▶ **Assigned task**: Go through the data below and copy it exactly, skipping every picture.

───── Exercise inputs

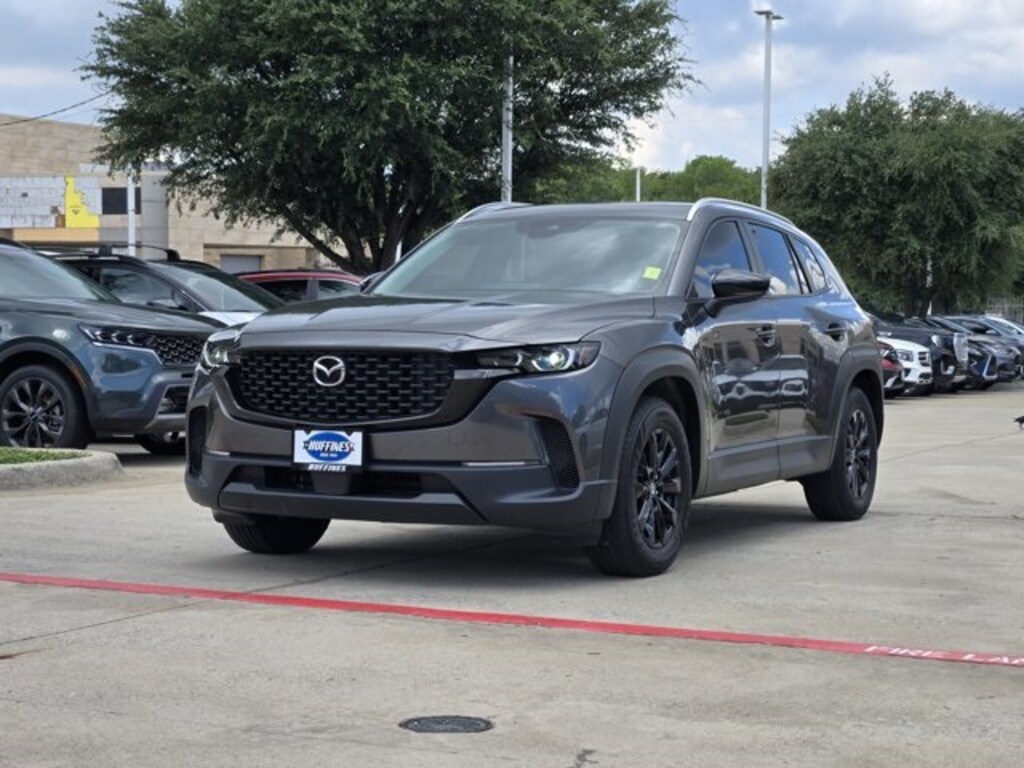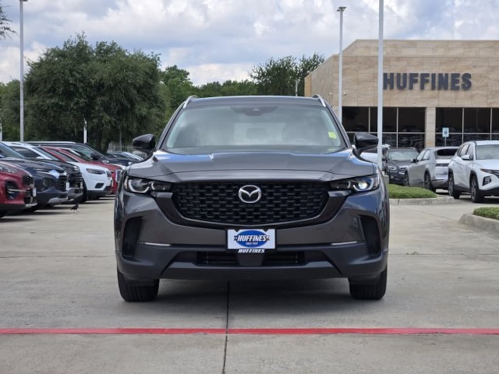 Cargo Package (Cargo Blocks), CX-50 2.5 S Preferred Plus Package, 4D Sport Utility, SKYACTIV® 2.5L 4-Cylinder DOHC 16V, 6-Speed Automatic, AWD, Machine Gray Metallic, Black/Gray w/Half Leatherette Seat Trim, ABS brakes, AppLink/Apple CarPlay and Android Auto, Automatic temperature control, Exterior Parking Camera Rear, Front anti-roll bar, Half Leatherette Seat Trim, Heated door mirrors, Heated Front Bucket Seats, Heated front seats, Knee airbag, Overhead airbag, Panic alarm, Power driver seat, Power Liftgate, Power moonroof, Remote keyless entry, Steering wheel mounted audio controls, Wheels: 17" x 7J Aluminum Alloy, 4-Wheel Disc Brakes, 4.367 Axle Ratio, 8 Speakers, Air Conditioning, Alloy wheels, AM/FM radio, Auto High-beam Headlights, Brake assist, Bumpers: body-color, Carpet Cargo Mat, Delay-off headlights, Driver door bin, Driver vanity mirror, Dual front impact airbags, Dual front side impact airbags, Electronic Stability Control, Emergency communication system: MAZDA CONNECT, Front Bucket Seats, Front Center Armrest w/Storage, Front dual zone A/C, Front reading lights, Front wheel independent suspension, Fully automatic headlights, Illuminated entry, Leather Shift Knob, Leather steering wheel, Low tire pressure warning, Machine Gray Metallic Paint Charge, Occupant sensing airbag, Outside temperature display, Overhead console, Passenger door bin, Passenger vanity mirror, Power door mirrors, Power steering, Power windows, Radio data system, Radio: AM/FM/HD Audio System, Rain sensing wipers, Rear seat center armrest, Rear window defroster, Rear window wiper, Speed control, Speed-sensing steering, Split folding rear seat, Spoiler, Tachometer, Telescoping steering wheel, Tilt steering wheel, Traction control, Trip computer, Turn signal indicator mirrors, and Variably intermittent wipers.
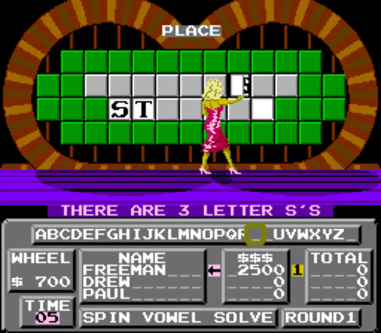 Wheel of Fortune was the first game based on the TV game show for the NES. It was developed by Rare and released on the same month as their NES Jeopardy! adaptation. Rare would follow it up with two more NES adaptations of the show: Wheel of Fortune: Junior Edition and Wheel of Fortune: Family Edition. It follows the rules of the show, where people spin a wheel and then try to solve a hangman puzzle, either guessing a consonant or spending their reward money to buy a vowel. Up to three human players can play via a pass-and-play system. Players must input their answers within a time limit using the in-game text parser.
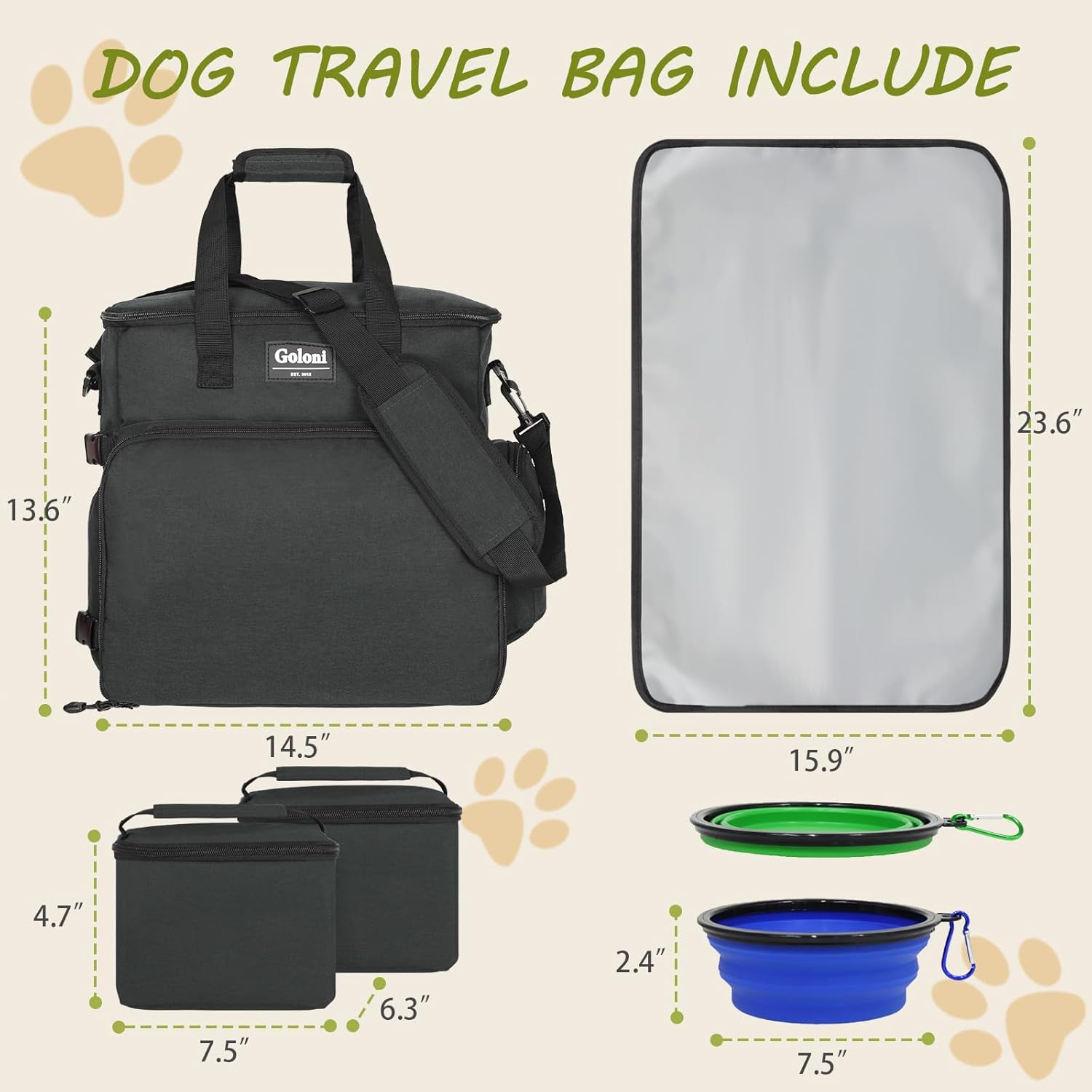 - All-in-One Travel Kit – Includes 1 premium tote bag, 2 airtight food containers, 2 collapsible silicone bowls, and 1 waterproof feeding mat—everything you need for hassle-free trips
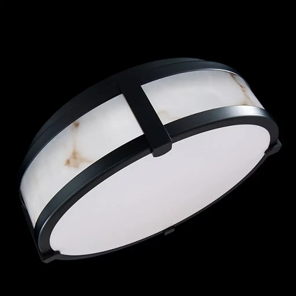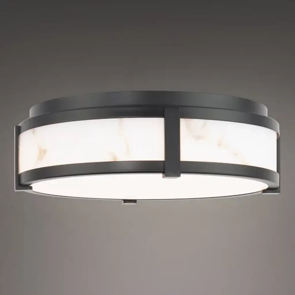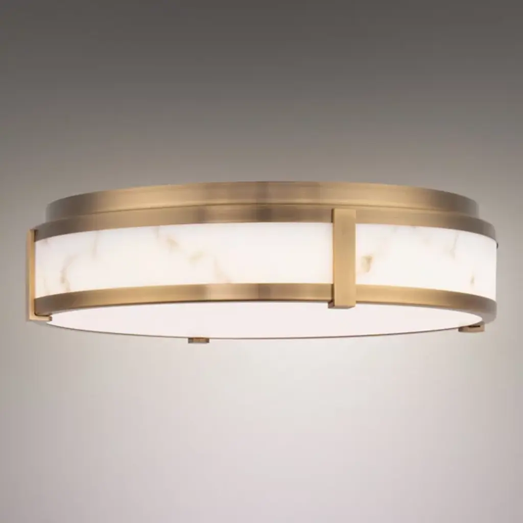 The Constantine LED Flushmount by dweLED is a beautiful addition to spaces featuring a faux alabaster diffuser that mimics the look of its real stone counterpart. This lovely diffuser runs around the edge of this close to the ceiling design, neatly held by a solid aluminum frame with an airy construction. Fit with an etched acrylic diffuser to fully conceal the energy-efficient source within this design, this fixture has an elegant air as it softly filters a layer of illumination onto surroundings.
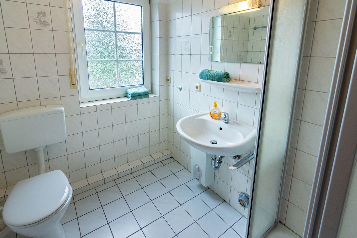 Das Duschbad mit WC und Fenster bietet neben einer Dusche auch genügend Stauraum für Ihre persönlichen Dinge.
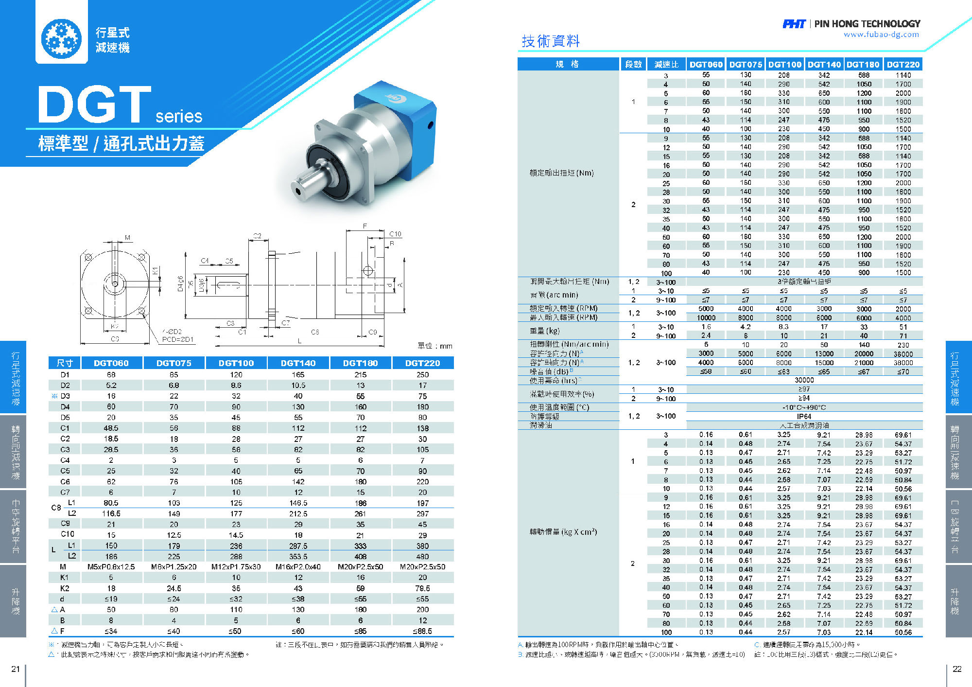 DGT系列是標(biāo)準(zhǔn)型高精度減速機(jī)。 適合精度定位之需求,齒輪采用合金鋼材,內(nèi)部搭配圓錐滾子軸承,使之可承受更佳的負(fù)載,安裝孔位為通孔式。 品宏減速機(jī)的軸承是用NSK品牌的,齒輪經(jīng)過碳化,故精度和剛性都比較優(yōu)越!減速機(jī)出力軸是可根據(jù)客戶的要求去定制大小和長短的。
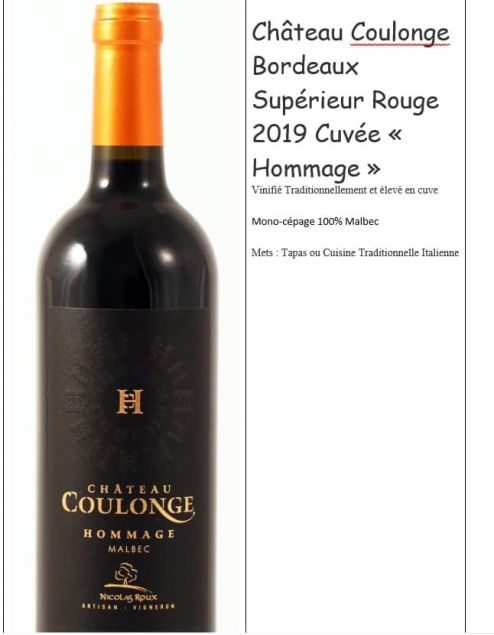 Vin Rouge Château De Coulonge : Cuvée « Hommage » AOC Bordeaux Supérieur Rouge
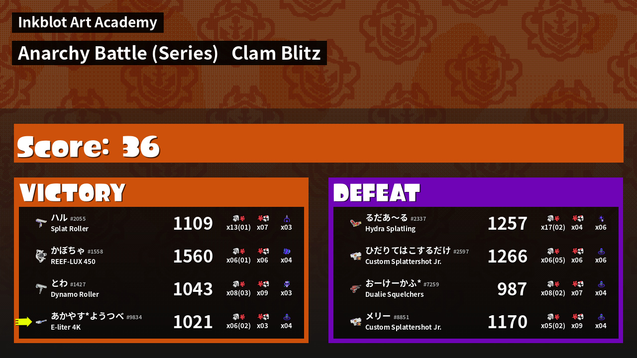 Name | Weapon | Inked | ![]() |
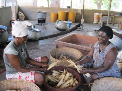 | Auntie Emma and her friend are making kenkey. More on this later. |

──────────

▶ **Written answer**:
 Cargo Package (Cargo Blocks), CX-50 2.5 S Preferred Plus Package, 4D Sport Utility, SKYACTIV® 2.5L 4-Cylinder DOHC 16V, 6-Speed Automatic, AWD, Machine Gray Metallic, Black/Gray w/Half Leatherette Seat Trim, ABS brakes, AppLink/Apple CarPlay and Android Auto, Automatic temperature control, Exterior Parking Camera Rear, Front anti-roll bar, Half Leatherette Seat Trim, Heated door mirrors, Heated Front Bucket Seats, Heated front seats, Knee airbag, Overhead airbag, Panic alarm, Power driver seat, Power Liftgate, Power moonroof, Remote keyless entry, Steering wheel mounted audio controls, Wheels: 17" x 7J Aluminum Alloy, 4-Wheel Disc Brakes, 4.367 Axle Ratio, 8 Speakers, Air Conditioning, Alloy wheels, AM/FM radio, Auto High-beam Headlights, Brake assist, Bumpers: body-color, Carpet Cargo Mat, Delay-off headlights, Driver door bin, Driver vanity mirror, Dual front impact airbags, Dual front side impact airbags, Electronic Stability Control, Emergency communication system: MAZDA CONNECT, Front Bucket Seats, Front Center Armrest w/Storage, Front dual zone A/C, Front reading lights, Front wheel independent suspension, Fully automatic headlights, Illuminated entry, Leather Shift Knob, Leather steering wheel, Low tire pressure warning, Machine Gray Metallic Paint Charge, Occupant sensing airbag, Outside temperature display, Overhead console, Passenger door bin, Passenger vanity mirror, Power door mirrors, Power steering, Power windows, Radio data system, Radio: AM/FM/HD Audio System, Rain sensing wipers, Rear seat center armrest, Rear window defroster, Rear window wiper, Speed control, Speed-sensing steering, Split folding rear seat, Spoiler, Tachometer, Telescoping steering wheel, Tilt steering wheel, Traction control, Trip computer, Turn signal indicator mirrors, and Variably intermittent wipers.
 Wheel of Fortune was the first game based on the TV game show for the NES. It was developed by Rare and released on the same month as their NES Jeopardy! adaptation. Rare would follow it up with two more NES adaptations of the show: Wheel of Fortune: Junior Edition and Wheel of Fortune: Family Edition. It follows the rules of the show, where people spin a wheel and then try to solve a hangman puzzle, either guessing a consonant or spending their reward money to buy a vowel. Up to three human players can play via a pass-and-play system. Players must input their answers within a time limit using the in-game text parser.
 - All-in-One Travel Kit – Includes 1 premium tote bag, 2 airtight food containers, 2 collapsible silicone bowls, and 1 waterproof feeding mat—everything you need for hassle-free trips
 The Constantine LED Flushmount by dweLED is a beautiful addition to spaces featuring a faux alabaster diffuser that mimics the look of its real stone counterpart. This lovely diffuser runs around the edge of this close to the ceiling design, neatly held by a solid aluminum frame with an airy construction. Fit with an etched acrylic diffuser to fully conceal the energy-efficient source within this design, this fixture has an elegant air as it softly filters a layer of illumination onto surroundings.
 Das Duschbad mit WC und Fenster bietet neben einer Dusche auch genügend Stauraum für Ihre persönlichen Dinge.
 DGT系列是標(biāo)準(zhǔn)型高精度減速機(jī)。 適合精度定位之需求,齒輪采用合金鋼材,內(nèi)部搭配圓錐滾子軸承,使之可承受更佳的負(fù)載,安裝孔位為通孔式。 品宏減速機(jī)的軸承是用NSK品牌的,齒輪經(jīng)過碳化,故精度和剛性都比較優(yōu)越!減速機(jī)出力軸是可根據(jù)客戶的要求去定制大小和長短的。
 Vin Rouge Château De Coulonge : Cuvée « Hommage » AOC Bordeaux Supérieur Rouge
 Name | Weapon | Inked | ![]() |
 | Auntie Emma and her friend are making kenkey. More on this later. |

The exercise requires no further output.